◆ **Work order**:
All the records that follow need to be reproduced exactly. Omit the images.
________________________
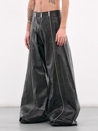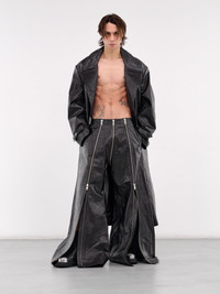 LU'U DAN trousers in black, paneled leather construction, embossed pattern, fitted waist, front wrap-around exposed zip closure, front & back full-leg zip vents, wide leg, baggy fit. Made in Turkey 100% Calf Leather Standard Sizing Model is 6'1” and wears a size 32. Shoulders: 17” Chest: 33” Waist: 30”
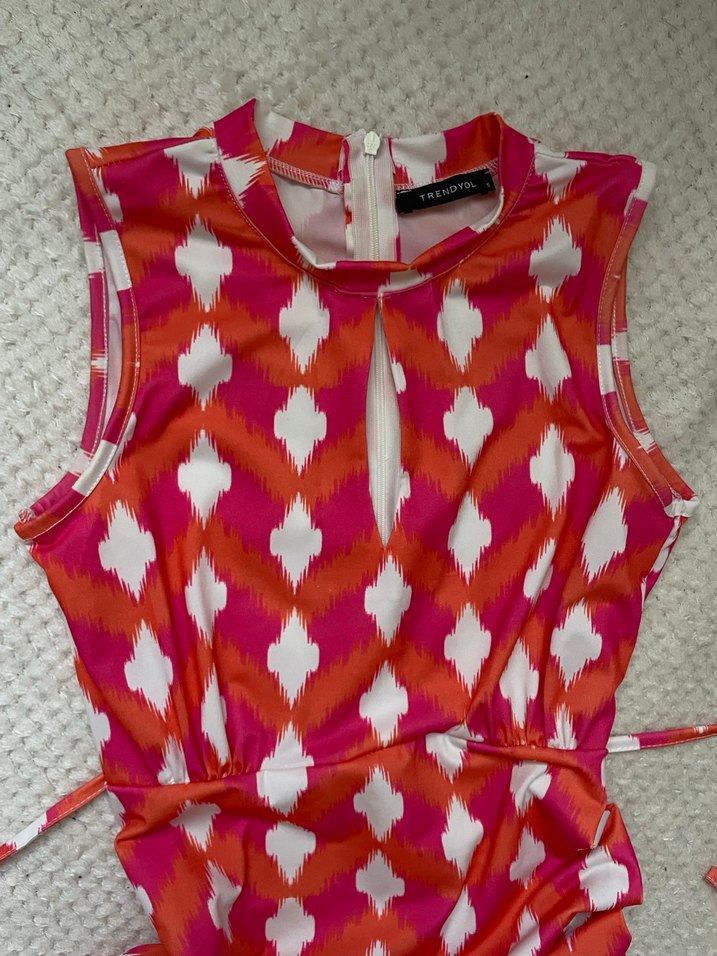 Pembe renkli, renkli tie-dye desenli, kolsuz, bisiklet yakalı, vücuda oturan ve fermuarlı detaylı mini elbise. Sentetik kumaştan, günlük kullanım için uygundur.
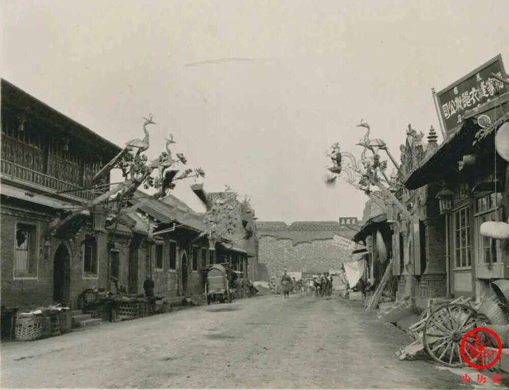 城墙外的地段,在当时算郊区了,从照片上看去依然房屋密集,聚集着大量人口。
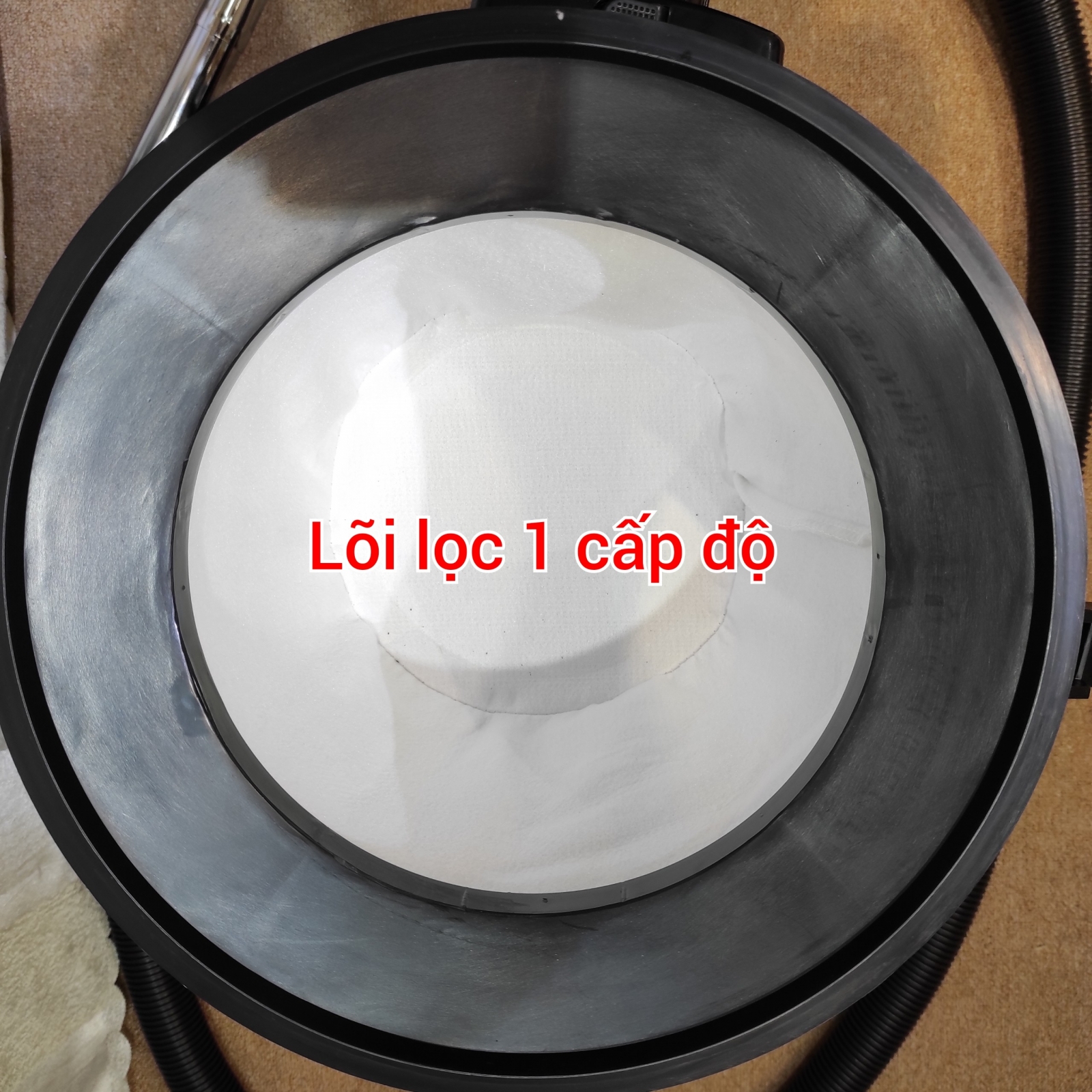 - 1 cấp: + 1 lõi lọc vải Polyester, lọc các loại bụi thô và mịn như: Đất, Cát, đá, sỏi, đinh, ốc, các loại bụi gỗ, bụi vải...
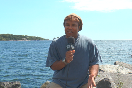 (Christopher on the set of "Indie Music Cafe" in Karlshamn, Sweden on the shore of the Baltic Sea)
________________________
◆ **Output**:
 LU'U DAN trousers in black, paneled leather construction, embossed pattern, fitted waist, front wrap-around exposed zip closure, front & back full-leg zip vents, wide leg, baggy fit. Made in Turkey 100% Calf Leather Standard Sizing Model is 6'1” and wears a size 32. Shoulders: 17” Chest: 33” Waist: 30”
 Pembe renkli, renkli tie-dye desenli, kolsuz, bisiklet yakalı, vücuda oturan ve fermuarlı detaylı mini elbise. Sentetik kumaştan, günlük kullanım için uygundur.
 城墙外的地段,在当时算郊区了,从照片上看去依然房屋密集,聚集着大量人口。
 - 1 cấp: + 1 lõi lọc vải Polyester, lọc các loại bụi thô và mịn như: Đất, Cát, đá, sỏi, đinh, ốc, các loại bụi gỗ, bụi vải...
 (Christopher on the set of "Indie Music Cafe" in Karlshamn, Sweden on the shore of the Baltic Sea)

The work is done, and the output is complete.